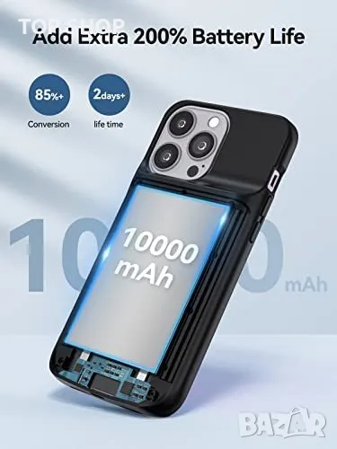 Този калъф с батерия е съвместим с iPhone 14 Pro Max, iPhone 14 Plus, iPhone 13 Pro Max и iPhone 12 Pro Max 6,7 инча. Изграден е с мощен капацитет от 10000 mAh, който удължава живота на батерията на телефона ви с 200%, което го прави идеален за ежедневни интензивни потребители, бизнес пътувания или пътешествия.
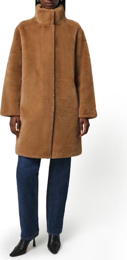 This clean and minimalist coat cut in a fingertip length is fashioned from the brand's signature Pluche faux fur for luxurious, everyday glamour.
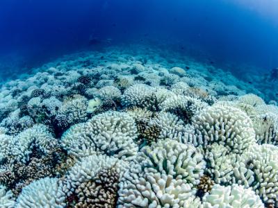 于2019年海洋热浪期间,莫雷阿岛北岸深处发生了大面积珊瑚白化事件(CREDIT:Peter J...
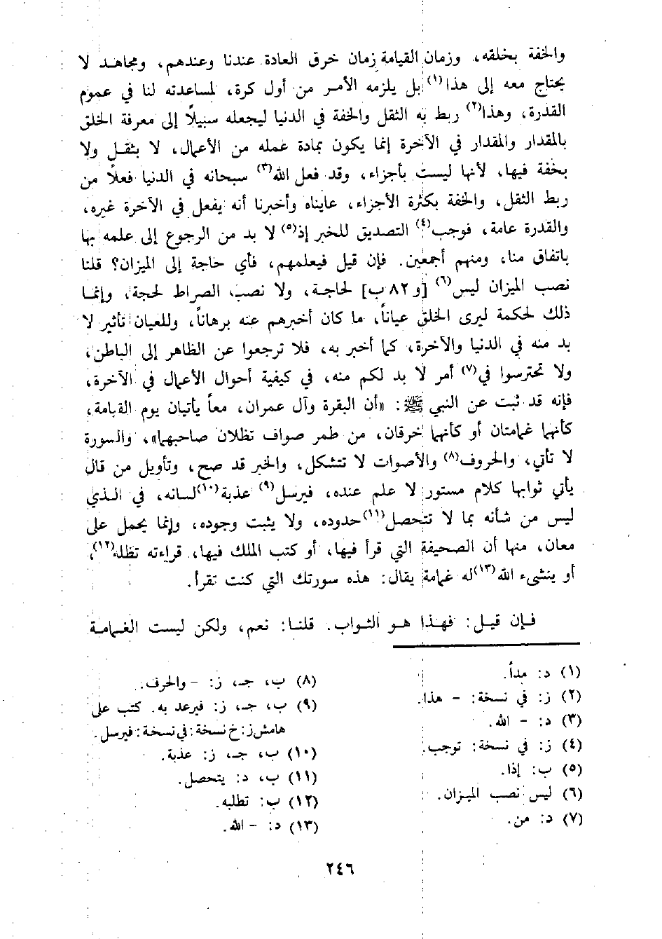 والخفة بخلقه، وزمان القيامة زمان خرق العادة عندنا وعندهم، ومجاهد لا يحتاج معه إلى هذا (¬1) بل يلزمه الأمر من أول كرة، لمساعدته لنا في عموم القدرة، وهذا (¬2) ربط به الثقل والخفة في الدنيا ليجعله سبيلا إلى معرفة الخلق بالمقدار والمقدار في الآخرة إنما يكون بمادة عمله من الأعمال، لا بنقل ولا بخفة فيها، لأنها ليست بأجزاء، وقد فعل الله (¬3) سبحانه في الدنيا فعلا من ربط الثقل، والخفة بكثرة الأجزاء، عايناه وأخبرنا أنه يفعل في الآخرة غيره، والقدرة عامة، فوجب (¬4) التصديق للخبر إذ (¬5) لا بد من الرجوع إلى علمه بها باتفاق منا، ومنهم أجمعين. فإن قيل فيعلمهم، فأي حاجة إلى الميزان؟ قلنا نصب الميزان ليس (¬6) [و 82 ب] لحاجة، ولا نصب الصراط لحجة، وإنما ذلك لحكمة ليرى الخلق عيانا، ما كان أخبرهم عنه برهانا، وللعيان تأثير لا بد منه في الدنيا والآخرة، كما أخبر به، فلا ترجعوا عن الظاهر إلى الباطن، ولا تحترسوا في (¬7) أمر لا بد لكم منه، في كيفية أحوال الأعمال في الآخرة، فإنه قد ثبت عن النبي - صلى الله عليه وسلم -: "أن البقرة وآل عمران، معا يأتيان يوم القيامة، كأنهما غمامتان أو كأنهما خرقان، من طمر صواف تظلان صاحبهم"، والسورة لا تأتي، والحروف (¬8) والأصوات لا تتشكل، والخبر قد صح، وتأويل من قال يأتي ثوابها كلام مستور لا علم عنده، فيرسل (¬9) عذبة (¬10) لسانه، في الذي ليس من شأنه بما لا تتحصل (¬11) حدوده، ولا يثبت وجوده، وأنما يحمل على معان، منها أن الصحيفة التي قرأ فيها، أو كتب الملك فيها، قراءته تظله (¬12)، أو ينشئ الله (¬13) له غمامة يقال: هذه سورتك التي كنت تقرأ.

+--

Copy out all the data above exactly as written. Skip the pictures.

Response below –
 Този калъф с батерия е съвместим с iPhone 14 Pro Max, iPhone 14 Plus, iPhone 13 Pro Max и iPhone 12 Pro Max 6,7 инча. Изграден е с мощен капацитет от 10000 mAh, който удължава живота на батерията на телефона ви с 200%, което го прави идеален за ежедневни интензивни потребители, бизнес пътувания или пътешествия.
 This clean and minimalist coat cut in a fingertip length is fashioned from the brand's signature Pluche faux fur for luxurious, everyday glamour.
 于2019年海洋热浪期间,莫雷阿岛北岸深处发生了大面积珊瑚白化事件(CREDIT:Peter J...
 والخفة بخلقه، وزمان القيامة زمان خرق العادة عندنا وعندهم، ومجاهد لا يحتاج معه إلى هذا (¬1) بل يلزمه الأمر من أول كرة، لمساعدته لنا في عموم القدرة، وهذا (¬2) ربط به الثقل والخفة في الدنيا ليجعله سبيلا إلى معرفة الخلق بالمقدار والمقدار في الآخرة إنما يكون بمادة عمله من الأعمال، لا بنقل ولا بخفة فيها، لأنها ليست بأجزاء، وقد فعل الله (¬3) سبحانه في الدنيا فعلا من ربط الثقل، والخفة بكثرة الأجزاء، عايناه وأخبرنا أنه يفعل في الآخرة غيره، والقدرة عامة، فوجب (¬4) التصديق للخبر إذ (¬5) لا بد من الرجوع إلى علمه بها باتفاق منا، ومنهم أجمعين. فإن قيل فيعلمهم، فأي حاجة إلى الميزان؟ قلنا نصب الميزان ليس (¬6) [و 82 ب] لحاجة، ولا نصب الصراط لحجة، وإنما ذلك لحكمة ليرى الخلق عيانا، ما كان أخبرهم عنه برهانا، وللعيان تأثير لا بد منه في الدنيا والآخرة، كما أخبر به، فلا ترجعوا عن الظاهر إلى الباطن، ولا تحترسوا في (¬7) أمر لا بد لكم منه، في كيفية أحوال الأعمال في الآخرة، فإنه قد ثبت عن النبي - صلى الله عليه وسلم -: "أن البقرة وآل عمران، معا يأتيان يوم القيامة، كأنهما غمامتان أو كأنهما خرقان، من طمر صواف تظلان صاحبهم"، والسورة لا تأتي، والحروف (¬8) والأصوات لا تتشكل، والخبر قد صح، وتأويل من قال يأتي ثوابها كلام مستور لا علم عنده، فيرسل (¬9) عذبة (¬10) لسانه، في الذي ليس من شأنه بما لا تتحصل (¬11) حدوده، ولا يثبت وجوده، وأنما يحمل على معان، منها أن الصحيفة التي قرأ فيها، أو كتب الملك فيها، قراءته تظله (¬12)، أو ينشئ الله (¬13) له غمامة يقال: هذه سورتك التي كنت تقرأ.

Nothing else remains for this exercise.